In this study, we identified a nonsense mutation in TREM2 in a consanguineous Colombian family segregating autosomal recessive FTLD. Frontotemporal lobar degeneration (FTLD) is the second most common cause of early-onset dementia and fourth most common cause of late-onset dementia, and is characterized by atrophy of the prefrontal and anterior temporal lobes. FTLD is a clinically and genetically heterogeneous degenerative disorder. Patients usually show prominent behavioral and/or language deficits, which evolve gradually into cognitive impairment and dementia (McKhann et al., 2001; Neary et al., 1998). The most common clinical manifestation of FTLD consists of patients who present behavioral or personality changes (behavioral variant frontotemporal dementia or bvFTD) (Neary et al., 1998). Two other prototypic clinical phenotypes that occur in FTLD are language impairment disorders: semantic dementia (SD) and progressive nonfluent aphasia (PNFA) (Neary et al., 1998).

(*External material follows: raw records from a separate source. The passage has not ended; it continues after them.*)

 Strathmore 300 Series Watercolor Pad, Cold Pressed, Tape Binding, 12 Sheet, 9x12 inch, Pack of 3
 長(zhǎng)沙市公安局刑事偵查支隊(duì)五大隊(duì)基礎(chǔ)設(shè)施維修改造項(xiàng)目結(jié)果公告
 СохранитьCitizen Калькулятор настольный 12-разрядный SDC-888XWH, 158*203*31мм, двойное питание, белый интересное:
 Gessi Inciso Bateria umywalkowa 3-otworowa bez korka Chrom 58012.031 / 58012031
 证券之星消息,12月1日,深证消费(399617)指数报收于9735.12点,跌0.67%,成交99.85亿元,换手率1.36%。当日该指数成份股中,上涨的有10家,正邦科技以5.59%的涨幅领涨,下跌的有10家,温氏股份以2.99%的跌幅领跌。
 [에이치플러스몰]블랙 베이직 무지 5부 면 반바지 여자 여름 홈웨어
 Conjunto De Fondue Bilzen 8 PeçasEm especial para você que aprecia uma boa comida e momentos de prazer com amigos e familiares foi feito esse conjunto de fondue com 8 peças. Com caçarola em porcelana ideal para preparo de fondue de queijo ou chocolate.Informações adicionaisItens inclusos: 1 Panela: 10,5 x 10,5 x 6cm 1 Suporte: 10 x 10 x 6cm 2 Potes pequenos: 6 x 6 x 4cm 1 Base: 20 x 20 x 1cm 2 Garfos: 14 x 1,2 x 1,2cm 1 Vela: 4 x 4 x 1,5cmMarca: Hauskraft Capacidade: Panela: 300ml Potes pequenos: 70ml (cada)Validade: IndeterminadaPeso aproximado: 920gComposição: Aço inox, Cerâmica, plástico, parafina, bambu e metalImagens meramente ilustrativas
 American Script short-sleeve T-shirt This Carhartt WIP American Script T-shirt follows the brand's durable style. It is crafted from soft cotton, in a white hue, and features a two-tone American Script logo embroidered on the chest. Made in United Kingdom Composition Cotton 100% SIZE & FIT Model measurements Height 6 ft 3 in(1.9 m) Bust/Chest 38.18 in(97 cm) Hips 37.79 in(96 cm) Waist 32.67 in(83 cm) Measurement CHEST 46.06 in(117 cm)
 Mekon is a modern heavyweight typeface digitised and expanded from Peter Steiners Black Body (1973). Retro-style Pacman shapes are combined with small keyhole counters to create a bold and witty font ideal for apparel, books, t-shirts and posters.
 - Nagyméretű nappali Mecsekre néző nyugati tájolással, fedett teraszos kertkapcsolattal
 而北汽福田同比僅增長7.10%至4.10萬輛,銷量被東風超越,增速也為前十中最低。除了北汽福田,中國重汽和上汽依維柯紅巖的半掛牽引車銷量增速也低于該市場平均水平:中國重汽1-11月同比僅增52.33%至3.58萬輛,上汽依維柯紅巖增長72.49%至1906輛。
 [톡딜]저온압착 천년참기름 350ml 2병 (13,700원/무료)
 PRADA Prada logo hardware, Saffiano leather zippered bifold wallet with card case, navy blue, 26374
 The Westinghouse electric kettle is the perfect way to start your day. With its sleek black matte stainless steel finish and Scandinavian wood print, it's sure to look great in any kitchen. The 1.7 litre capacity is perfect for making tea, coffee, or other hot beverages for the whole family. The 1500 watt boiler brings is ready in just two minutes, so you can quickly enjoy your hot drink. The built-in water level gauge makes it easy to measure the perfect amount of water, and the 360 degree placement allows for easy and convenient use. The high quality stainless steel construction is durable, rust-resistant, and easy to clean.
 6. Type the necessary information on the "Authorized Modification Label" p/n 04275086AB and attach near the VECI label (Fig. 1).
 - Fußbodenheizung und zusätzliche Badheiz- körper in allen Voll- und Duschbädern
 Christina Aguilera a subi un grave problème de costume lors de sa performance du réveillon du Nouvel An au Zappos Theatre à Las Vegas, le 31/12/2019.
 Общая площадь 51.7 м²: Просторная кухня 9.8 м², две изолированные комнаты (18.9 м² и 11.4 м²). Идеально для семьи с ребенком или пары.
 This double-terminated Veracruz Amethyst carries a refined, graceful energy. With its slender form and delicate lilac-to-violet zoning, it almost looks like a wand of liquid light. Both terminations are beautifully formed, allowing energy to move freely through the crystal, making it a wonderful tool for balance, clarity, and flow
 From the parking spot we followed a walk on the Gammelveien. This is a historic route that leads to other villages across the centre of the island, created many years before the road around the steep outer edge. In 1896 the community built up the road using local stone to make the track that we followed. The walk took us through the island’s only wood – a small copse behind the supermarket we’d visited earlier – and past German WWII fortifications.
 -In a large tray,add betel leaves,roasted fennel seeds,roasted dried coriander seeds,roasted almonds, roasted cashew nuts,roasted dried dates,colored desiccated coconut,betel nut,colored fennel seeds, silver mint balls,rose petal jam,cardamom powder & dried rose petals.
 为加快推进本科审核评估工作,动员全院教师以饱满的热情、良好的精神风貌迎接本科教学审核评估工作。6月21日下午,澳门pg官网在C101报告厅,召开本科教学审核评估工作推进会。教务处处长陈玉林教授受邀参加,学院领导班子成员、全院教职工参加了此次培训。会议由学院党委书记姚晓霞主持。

In this manuscript, we report that a nonsense mutation in TREM2 is the cause of FTLD in a Colombian family from the province Antioquia. Additionally, we provide replicative evidence demonstrating a role for the rs75932628 TREM2 variant in Alzheimer’s disease thereby suggesting TREM2 mutations as a risk factor for neurodegenerative disease in general.
2. Material and methods
2.1 Clinical diagnosis
A large consanguineous Colombian family segregating autosomal recessive FTLD was collected through the Grupo Neurosciencias, University of Antioquia, Colombia (Figure 2). Three patients and five unaffected relatives from the family were included. Our patients met published criteria for behavioral variant FTD (Rascovsky et al., 2011). The index case was a female offspring of first cousins who first showed symptoms of sexual disinhibition at age 47. She was excessively familiar with strangers and had abandoned all her responsibilities in the home. A paternal uncle and a brother had similar symptoms prior to age 60.
Description of the clinical tests
All patients and controls underwent a standard medical and neurological history, physical examination, and office-based clinical cognitive assessment. Patient III:16 (index patient) and her brother (patient III:10) additionally underwent more detailed neuropsychological assessment that included:
General: mental status examinations (maximum score 30 points)
Memory: 10 item, 3 learning trials word-list learning with delayed free recall and recognition, and the Rey-Osterrieth Complex Figure Test (copy and recall, 36 points maximum for each)
Attention/Psychomotor Speed: Trail Making Test (seconds to complete), Wechsler Adult Intelligence Scale-Revised Digit Symbol Substitution Test (raw total score)
Language: FAS letter fluency (numbers of words generated in one minute for each letter), Category Fluency (Animals named in one minute), and sentence writing
Executive functions: Wisconsin Card Sorting Test (Categories and perseverative responses)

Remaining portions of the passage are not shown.